The image below shows an example of the Set Content (Mode 1) block's value parameter connected to a Text block. The Text block itself has a Input Configuration setting with the content set to "Hello World!" .

When the page is loaded or previewed this would set the content of the selected element to the text "Hello World!"

Another example using the same Set Content (Mode 1) block as above is shown below. This time the Set Content block is connected to the Variable Value block which has a Dropdown configuration setting and has the variable named mycontent selected.

As a final example the Data Delete Record with ID block is shown below with its Table, Dataset Name, Dataset Refresh and Record ID value parameters all connected to other blocks.

In summary, Value Parameters allow for the flow of dynamic data between blocks. They can be attached to compatible output blocks including compatible Variable Value blocks.

Value Parameter Set

Certain blocks accept a set of Value Parameters. The parameters in the set can optionally have configurable names.

The image below shows two blocks that accept a Value Parameter Set. In this case the value parameters do not have names.

The image below shows two blocks that accept Value Parameter Sets with configurable names.

The number of such parameters in the set varies based on the block's configuration settings.

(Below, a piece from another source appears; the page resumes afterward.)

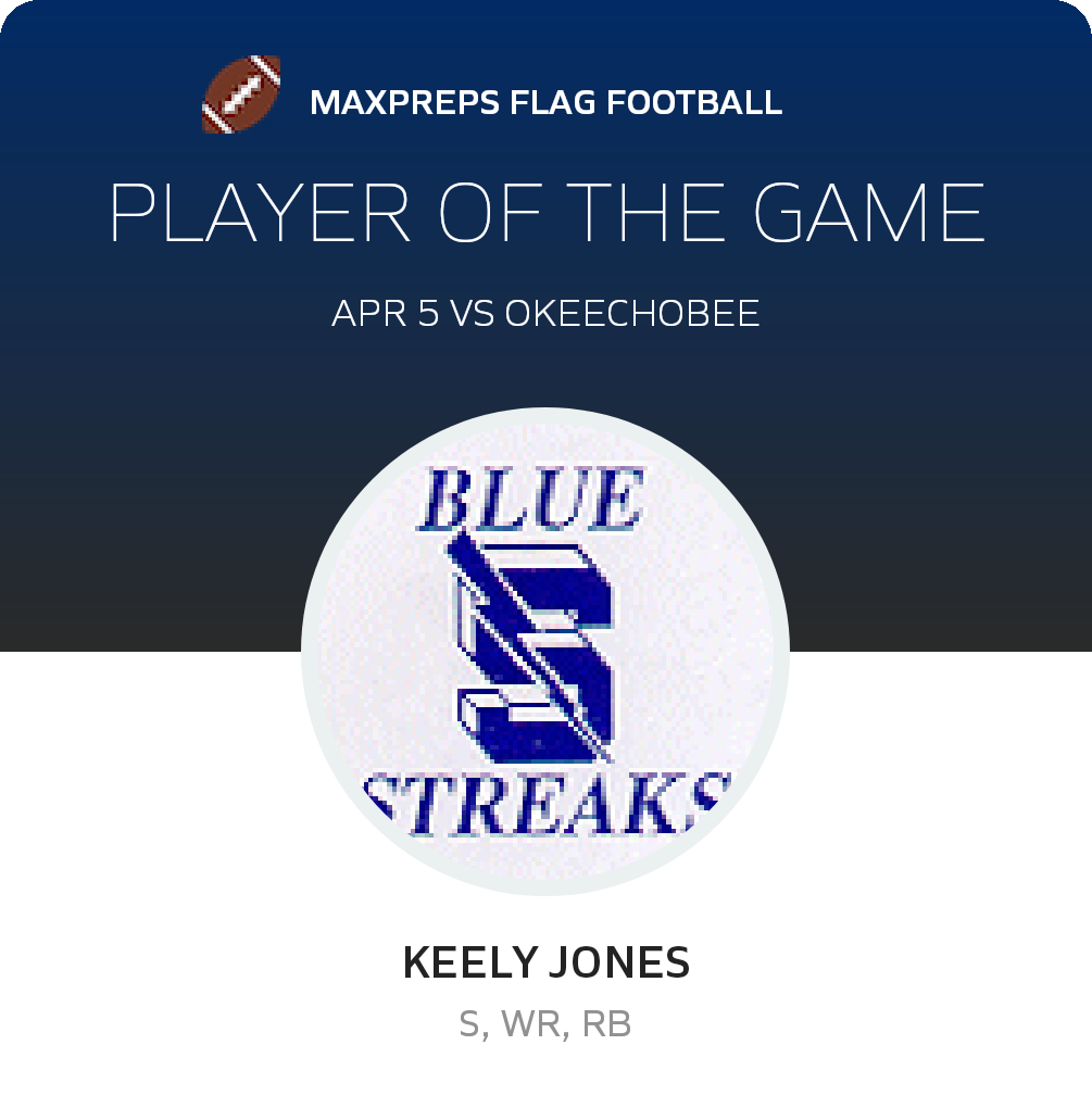 Congratulations to #7 Keely Jones for being selected the Sebring Girls Flag Football Player of the Game.

The image above shows the Content from Data Design block with it's Value Parameter Set showing three parameters, based on the selected Data Design element.

You have the option to include or exclude parameters from this set by clicking on the "gear" icon located at the top left corner of the block. An example of this functionality is demonstrated in the image below.

Flow Parameters

Flow Parameters are used to connect regular and/or terminal blocks. It is represented by a notch or opening in a block where other blocks can be attached.

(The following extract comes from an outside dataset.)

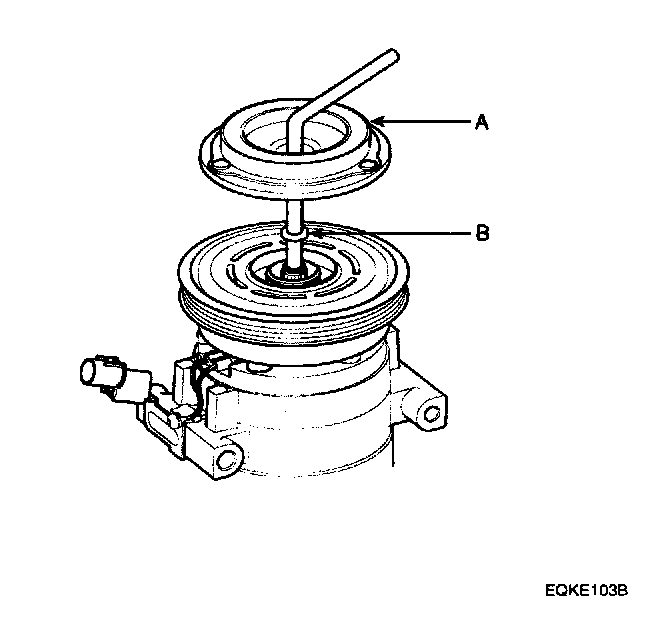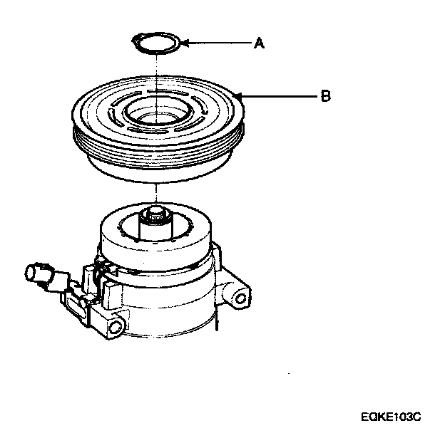 - Be careful not to damage the pulley (B) and compressor during removal/installation.

The image below shows three examples of blocks that have Flow Parameters. From left to right, the Repeat Loop block includes a flow parameter labeled "do". The If Condition block also features a flow parameter named "do". Lastly, the Data Lookup with ID block incorporates two flow parameters: "on Success do" and "on Error do".

Flow Parameters allow for the sequencing and nesting of blocks to create logical flows and control structures.

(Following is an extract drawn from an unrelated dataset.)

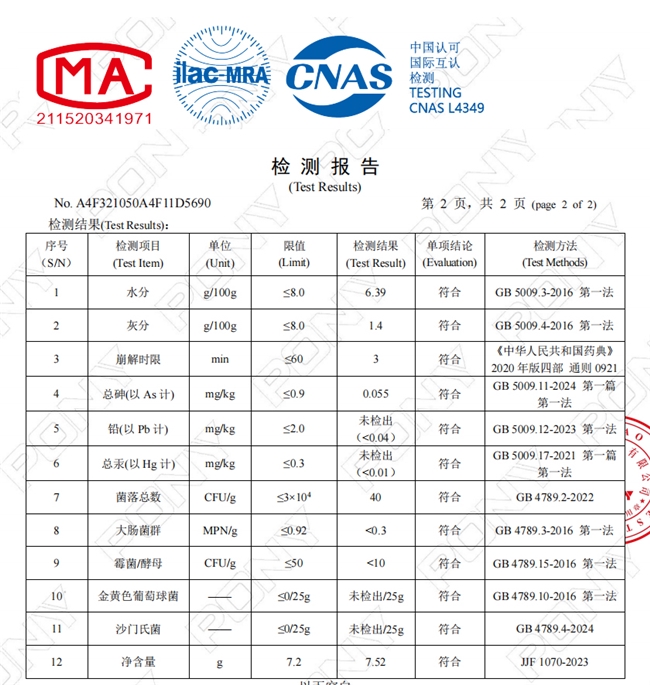技术或成分特点:选用进口原料,采用常规提取工艺,基础品质管控符合相关标准。

The image below shows the If Condition block with two flow parameters. The blocks connected to the "do" flow parameter will get executed if the condition (amount is greater than 100) is true.

The blocks connected to the "else" flow parameter will get executed if the condition is false i.e. amount is less than or equal to 100.

Block Operations

Right-clicking on a block will bring up a popup menu with options as shown in the image below:

Each of the options in the block's popup-menu is described below:

  • Duplicate: Makes a copy of the block and adds it to the Page Flow/Cloud Flow workspace.

  • Add Comment: Allows you to document what you are doing with the block.

  • Collapse Block/Expand Block: Allows you to collapse a block to use less space in the workspace or expand a collapsed block back to its original form.

  • Disable Block/Enable Block: You can disable a block, but keep it in the workspace. Once disabled this option will allow you to re-enable the block.

  • Delete: Delete's the block and all attached blocks.

  • Help: Takes you to the Zingy documentation for the block.